All of this information is readily available elsewhere, notably in Chapter 2, Section 5 of The Unicode Standard. I haven’t seen a great side-by-side comparison of UCS and UTF formats at the byte level before, with a focus on how binary data lines up with Unicode code points. UTF-8 is the ‘gold standard’ for good reason – it allows the entire character repertoire to be represented while requiring the least amount of data. However, there are times when it’s necessary to examine text at the binary level, and for a human, this is much easier accomplished by reëncoding the text as UCS-4/UTF-32 and setting a 32-bit word size in your hex editor.
If you’ve made it this far into a post about turning numbers into letters, I have one more thing to say… Please get out and vote, eligible American citizens. Our civil liberties are at stake.

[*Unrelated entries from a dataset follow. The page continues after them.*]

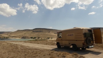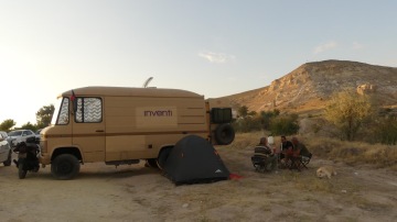 Odpoledne se přesouváme k jezeru u Pinarbasi. Cestou se zastavíme na prohlídku skalního kostelu. U vstupu musíme zaplatit 10TL/os., avšak máme s sebou jen 20TL. Naštěstí nás nechají i za tuto cenu jít dovnitř. Stojí to za to. Kostel má dvě patra a velmi nízké, úzké chodbičky. U jedné z nich se málo skloním a pěkně se mi po nárazu rozsvítí. U samotného jezera je nádherně. Po třech dnech se můžeme vykoupat v teplé vodě a dokonce máme výhled na hory. Jakmile zapadne sluníčko, začne hrozně moc foukat vítr. Výhoda je, že rozfouká mraky a nám se otevře krásná hvězdná obloha.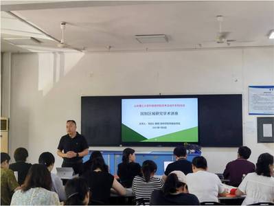 牛书田院长作总结。他指出,国别区域研究是外语学科五大研究方向之一,此次讲座是区域国别研究系列讲座的开始,是进一步落实学校赴阿联酋、科威特代表团出国成果,探索具有我院特色的国别区域研究学科专业建设和学术研究路径的新举措。马教授的讲座展现了一幅国内区域国别研究的全景图,为老师们开展区域国别研究厘清了思路和方向。他强调,山东省正在积极拓展建设对外开放新高地,希望老师们通过此次讲座能够找到自己研究和实践的坐标、锚定自己研究实践的航向,产出更多区域国别研究领域的成果,助力学校学院高质量发展,服务淄博市、山东省重大发展战略。
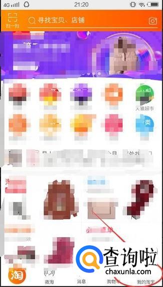 打开淘宝app,然后点击【我的淘宝】选项卡,如下图所示: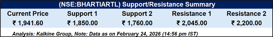 Bharti Airtel traded at ₹1,941.60. The stock finds immediate support at ₹1,850, with a secondary support level at ₹1,760. On the upside, resistance is seen at ₹2,045, followed by a stronger resistance at ₹2,200. Price movement around these levels will be crucial in determining near-term trends, with breaks of support or resistance likely guiding the next directional move.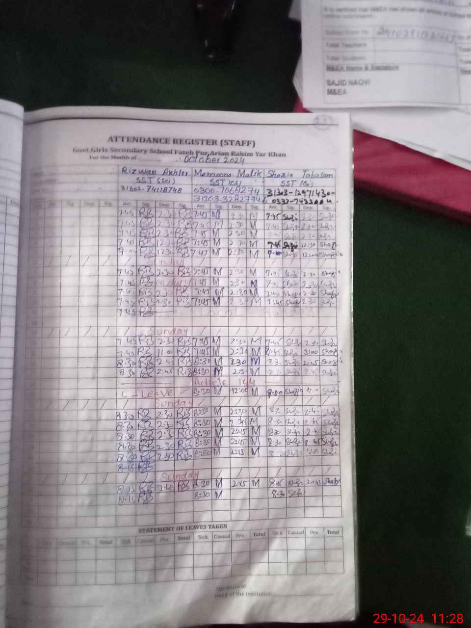 | 31**** | Iq**** Kh**** | EST | Regular | 0 | 0 | 0 | 0 | 0 | 0 | 0 | 0 | 0 | Maternity |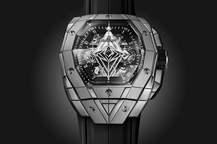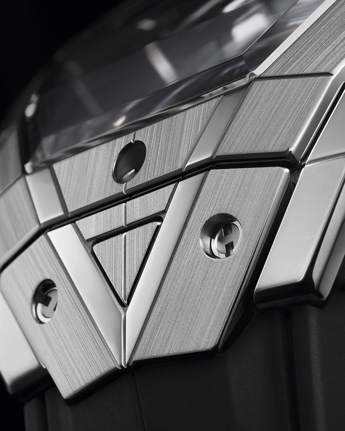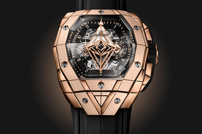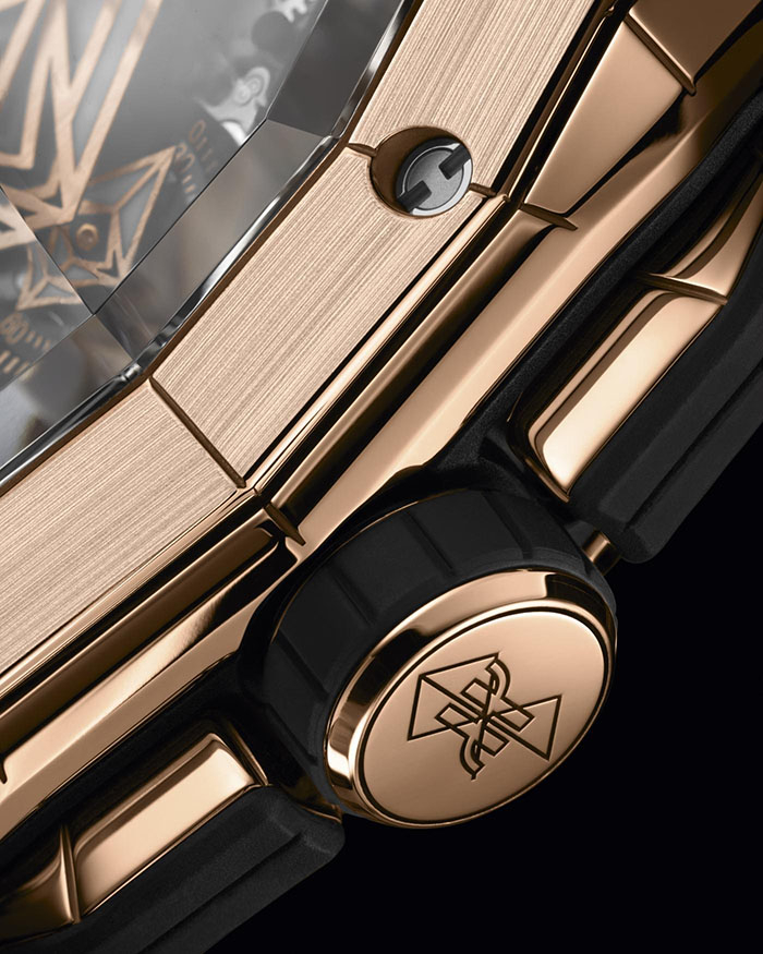 系列腕表采用多面结构设计,进一步增强了立体视觉效果。从表壳到表圈,几何刺青图案交替重叠呈现,圆盘指针亦采用了几何造型,这也是宇舶表与Sang Bleu刺青工作室合作款时计的标志性设计元素。

- When I started writing this post, there was ‘just’ the leaked memo, and the longer I took, the more attacks they piled on. It’s beyond cruel. ↩︎
- There were other standards before ASCII, notably IBM’s EBCDIC. This was certainly not as widely-supported as ASCII, nor is it widely used today. ↩︎
- The ISO 8859 standards are replicated under a number of publicly-available ECMA standards as well: ECMA-94, ECMA-113, ECMA-114, ECMA-118, ECMA-121, ECMA-128, and ECMA-144. ↩︎
- I think historically there have been some differences between UCS-4 and UTF-32, like UTF-32 being stricter about code point boundaries. However, Appendix C, Section 2 of The Unicode Standard states that “[UCS-4] is now treated simply as a synonym for UTF-32, and is considered the canonical form for representation of characters in [ISO/IEC] 10646.” ↩︎